El veneno que somos por Gabriela Cano

A veces parece que existe un veneno dentro de sí: una especie de sustancia que, más allá de nosotros, está ahí para desperdigarse en las cosas que tocamos y en las que vivimos. En nuestras camas, en las historias que decimos y en las que no. Pero también en aquellas que intentamos descubrir desesperadamente como si fueran a llevarnos a resolver ese enigma original del ¿qué se supone que es uno si ha venido a nacer en un hogar ya determinado?.

Entonces ¿ese veneno es propio? ¿se hereda? ¿existe un antídoto?. Todas estas preguntas bailan, figuradamente, en Tarantela de Abril Castillo. Lo que parece un recuento sobre el árbol genealógico termina, o más bien inicia, por convertirse en un mapa de la toxinología que habita en nuestros actos y en los registros que hacemos sobre ellos. Una especie de diario que reconoce, un dentro y fuera, de eso que colocamos en el centro de la atención del relato pero que siempre lleva a otra parte.

La historia inicia con el cuento sobre Jano. Un pariente que enferma y permanece mucho tiempo en cama debido a la resucitación constante y a los cuidados familiares pero que finalmente parece elegir su propio destino. Esa interrogante que parece nimia va forjando, en todos los cercanos, sus propias respuestas. Para algunos, para la narradora, está en buscar una honda explicación sobre el secreto de distintos dolores: el de la abuela que come uvas, el de su hermano que se ausenta en su propia mente, el de su madre que se desvanece en la noche, el del padre que parece ser una mirada de lejos y el de las notas de su abuelo sobre su propio hijo que se transcriben directamente en la novela.

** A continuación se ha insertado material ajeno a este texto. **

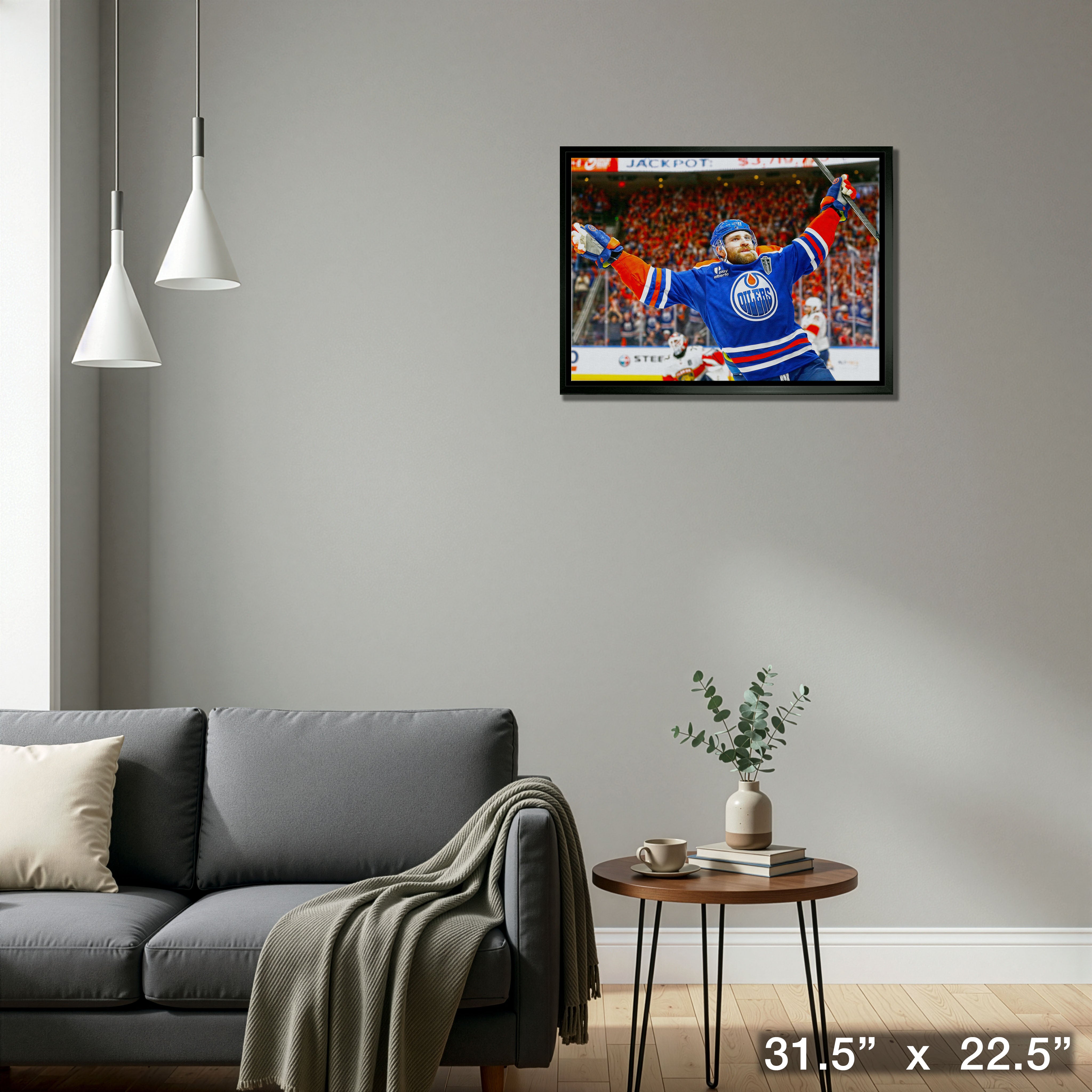 Leon Draisaitl 20x29 Framed Canvas Oilers 2025 SCF OT Celebration -H

De esta forma, lo que vamos leyendo es un doble discurso. El de la familia y el de uno de sus miembros que se exterioriza en su propia picadura: un nuevo y singular veneno. Por un rato, parece tratarse del amor, por otro no. Es más bien esa condición natural de saberse en un mundo que da risa porque enferma. Así, eso que parece ir pasando por el hambre de la compañía al de la mano del otro que espera ser amado hay un brinco casi de telaraña. Una seda delicada de muchos hilos que atrapa pero que peligrosamente puede atraparnos. Este dibujo, casi invisible sobre los afectos que tejemos nos coloca en una representación de insectos.

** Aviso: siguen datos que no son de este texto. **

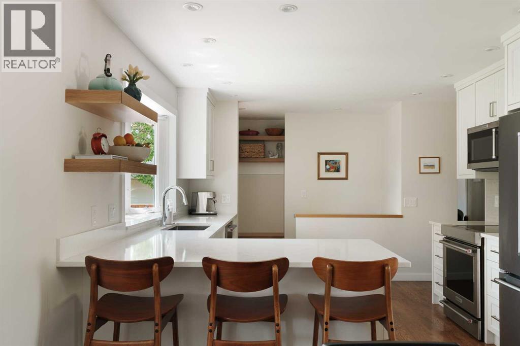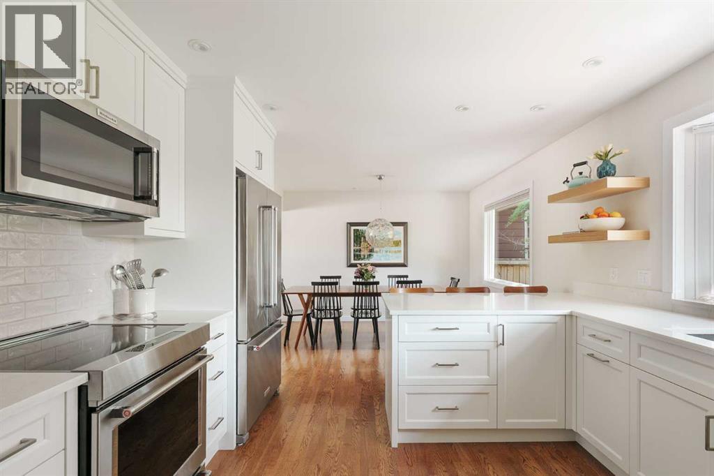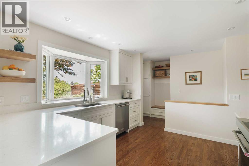 This updated bungalow situated in St. Andrews Heights, one of Calgary’s most established inner-city communities, spans a 6,049 sqft southwest lot. Inside you’ll see where timeless character meets elevated modern finishes. The redesigned kitchen features a peninsula layout, quartz countertops, stainless steel appliances, a garden window, white cabinetry, glossy subway tile, and open shelving. A custom mudroom area with built-in cabinetry sits just off the kitchen. Hardwood flooring flows across the main level, leading to three well-appointed bedrooms and a renovated full bath with quartz counters, coordinated cabinetry, and a sleek tiled shower. The lower level offers a spacious, inviting rec room anchored by a tiled gas fireplace, along with a combined laundry/bathroom area for added practicality. Outside, the private yard is framed by mature trees and features a hardscaped patio ideal for relaxed outdoor living. Set on a quiet, tree-lined street, this 1,271 sq ft bungalow enjoys a premier location steps from the Foothills Medical Centre, Alberta Children’s Hospital, University of Calgary, and McMahon Stadium. Residents benefit from nearby schools, such as Maria Montessori School and Briar Hill Elementary, off-leash parks, Bow River pathways, tennis and basketball courts, a skating rink, and sledding hill. With a 10-minute commute to downtown, easy access to local shops and restaurants, and a direct route to the mountains, this home offers an exceptional blend of lifestyle, convenience, and comfort. (id:6769)

De momento capaces de matarse entre sí, como esas especies de arañas que se muerden o se matan ante ciertos contactos. Así, los personajes de pronto parecen estar paralizados ante sus propios afectos. Se confunden o se funden en esa ausencia de gravedad de relacionarse con el otrx. Y es que, instintivamente ¿cómo nos alertamos de nuestro veneno frente a los demás y de dónde se saca el antídoto para ese mal que parece que somos sino viene envuelto en nuestra propia dermis?.